Both this assertion and the one that types are "a set of compiler-enforced contracts between pieces of code" are very wrong ways of thinking about types, and the reason why most statically typed languages are so poorly designed and get such a bad reputation.

Static typing in a programming language is a mechanism for making certain types of non-terminating computations impossible to express in that programming language. The understanding "non-terminating" here includes errors as well (the idea of bottom ⊥ that you'll find in some earlier texts on programming languages semantics, such as Allen's Anatomy of Lisp). Non-terminating computations are equivalent to paradoxes in formal logic (see Curry-Howard correspondence), and the first type system was developed to deal with Curry's paradox (http://en.wikipedia.org/wiki/Curry%27s_paradox) in the first programming language (lambda calculus). Some type systems prevent more types of non-terminating computations, others less. But saying that run-time type assertions are equivalent to a typed programming language, or that types are like contracts or other things just leads to confusion.

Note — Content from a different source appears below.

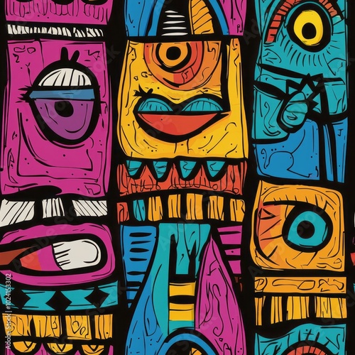 © fahmy, Obraz premium seamless pattern of mystical totems with vibrant tribal designs

No. They're a set of compiler-enforced contracts between pieces of code. Maybe more importantly, they enable a kind of constant, aggressive refactoring that's just way too dangerous in dynamic code.

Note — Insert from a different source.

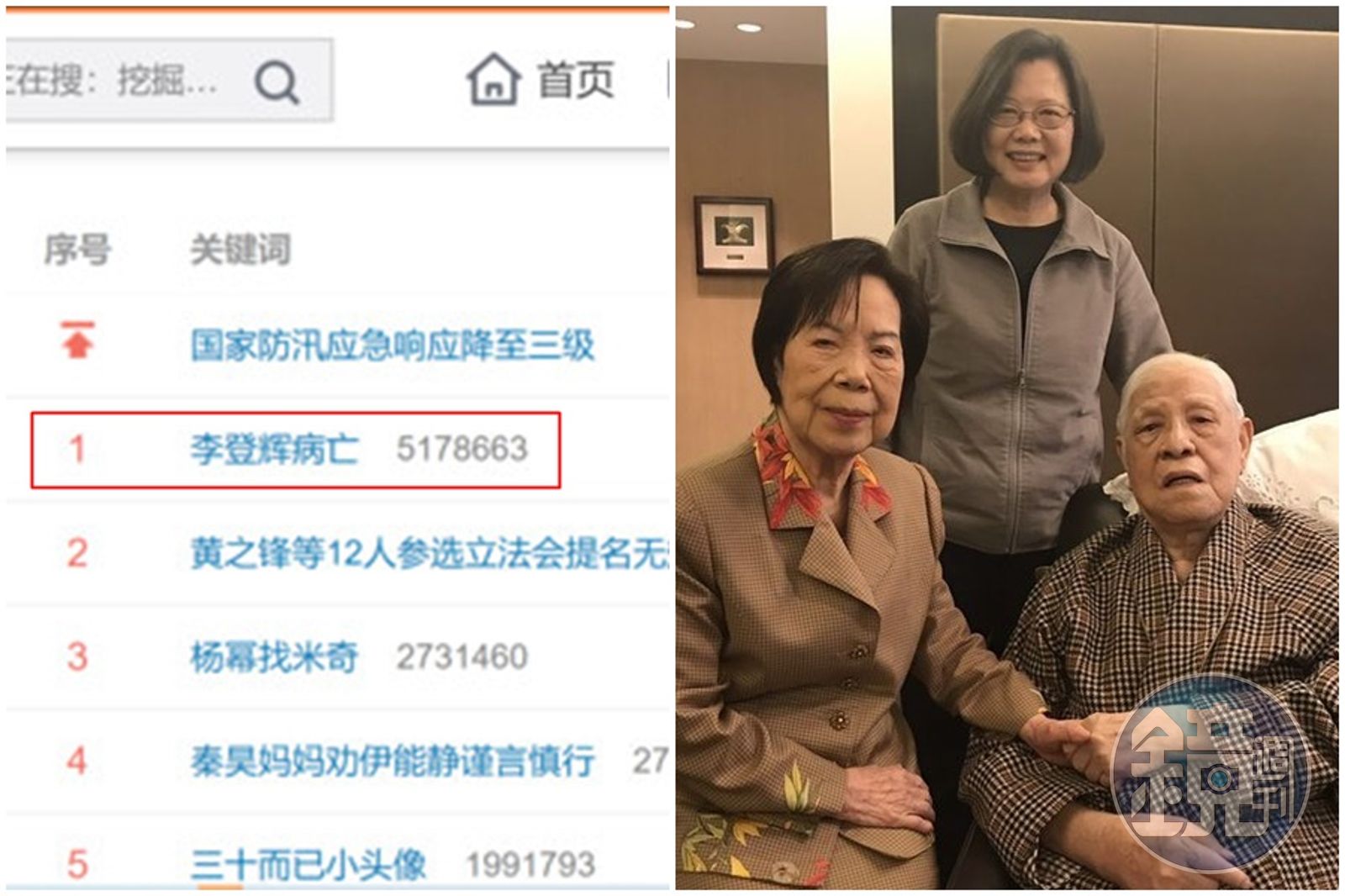 前總統李登輝離世消息,除了《新華社》《環球網》《人民日報》等官媒第一時間報導外,「李登輝病亡」每分鐘熱搜關鍵字更超過500萬的搜尋。

Maybe at large scale, I have spent my career working with 200k - 500k loc systems in java, c#, and ruby, and in my experience, the thing that makes refactoring possible or a nightmare is well written test suites, not compilers. Compilers definitely catch a certain class of problem, but tests catch many more.

It holds even more so at small scale because I can pretty confidently move a method up an inheritance chain or rename a class and count on the compiler catching everything. In a bigger codebase I have to be more careful about breaking somebody's excessively dynamic code that might be pointing to those things in a roundabout way.

As an experiment last year I started teaching myself machine learning by implementing the common algorithms in Clojure and Scala simultaneously. I expected Clojure to win out and worked a lot harder in the beginning but after a while I was forced to concede that my Scala code was cleaner, faster, and less buggy, partly because I felt comfortable changing things because I knew the compiler would help me.

Pre/post conditions at compile-time in Clojure? Nope. How could you know the value returned by a function at compile time? Or the value of the inputs?

You could only know the types of the input if the compiler was smart enough and define constraints on the types but as far as I know it's not possible in Clojure.

You're right, Clojure doesn't support compile-time conditions. Must've been confused.

true, but there are a lot of things you can catch with pre/post conditions in clojure that you wouldn't catch with a compiler in something like java.